1. A spray drying apparatus for the production of vinylimidazolium copolymers, characterized in that, The device includes a drying component (1), a collecting component (2) fixedly installed at the bottom of the drying component (1), a hot air component (4) fixedly installed at the top center of the drying component (1), a spray component (3) fixedly installed at the center of the hot air component (4), a drying chamber (11) including a drying chamber (11), an air film component (5) fixedly installed on the inner side of the top of the drying chamber (11), an air film component (5) including an air guide ring (51), the air guide ring (51) fixedly installed at the top of the drying chamber (11), a second air source interface (52) fixedly installed at one end of the air guide ring (51), the second air source interface (52) being located on the outside of the drying chamber (11), and an air outlet (53) being opened at the bottom of the air guide ring (51), the air outlet (53) facing the side wall of the drying chamber (11), and the structure of the air outlet (53) being an annular slit.

2. The spray drying apparatus for producing vinylimidazolium copolymer according to claim 1, characterized in that, The spray assembly (3) includes a sprayer (31), and an atomizing nozzle (34) is fixedly installed at the bottom of the sprayer (31). The atomizing nozzle (34) is located inside the drying chamber (11).

3. The spray drying apparatus for producing vinylimidazolium copolymer according to claim 2, characterized in that, The sprayer (31) is provided with a wet material interface (32) at the top and a first air source interface (33) on one side of the top of the sprayer (31). Both the first air source interface (33) and the wet material interface (32) are located outside the drying chamber (11).

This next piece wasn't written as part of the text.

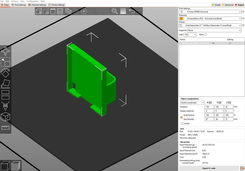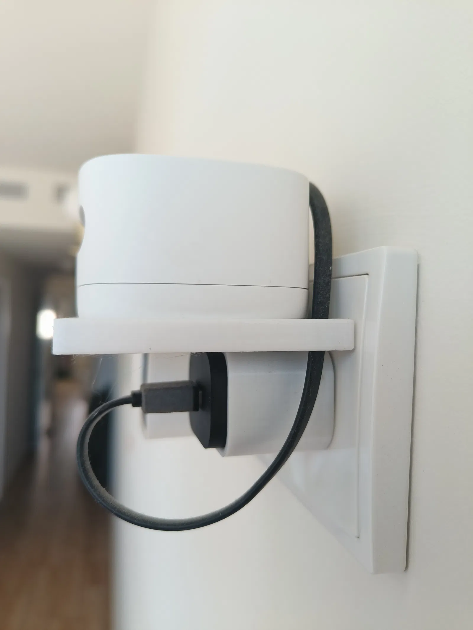 Tui làm cái đế giữ cho Amazon Smart Air Quality Monitor, gắn vô cục sạc luôn. Thiết kế không cần support đâu nha. Anh em in nhớ cẩn thận với độ chính xác của máy in mình đó, cái đế này nó fit sát vô cục sạc lắm để không bị rớt. Tui có khoét thêm lỗ phía sau để luồn dây sạc với lại có chỗ giấu dây cho gọn gàng.

4. The spray drying apparatus for producing vinylimidazolium copolymer according to claim 1, characterized in that, The hot air assembly (4) includes a distributor (41), and a hot air interface (42) is provided on one side of the top of the distributor (41). The hot air interface (42) is located outside the drying chamber (11).

5. The spray drying apparatus for producing vinylimidazolium copolymer according to claim 4, characterized in that, The air distributor (41) has an air distribution groove (43) at its bottom, and the air distribution groove (43) is located inside the drying chamber (11).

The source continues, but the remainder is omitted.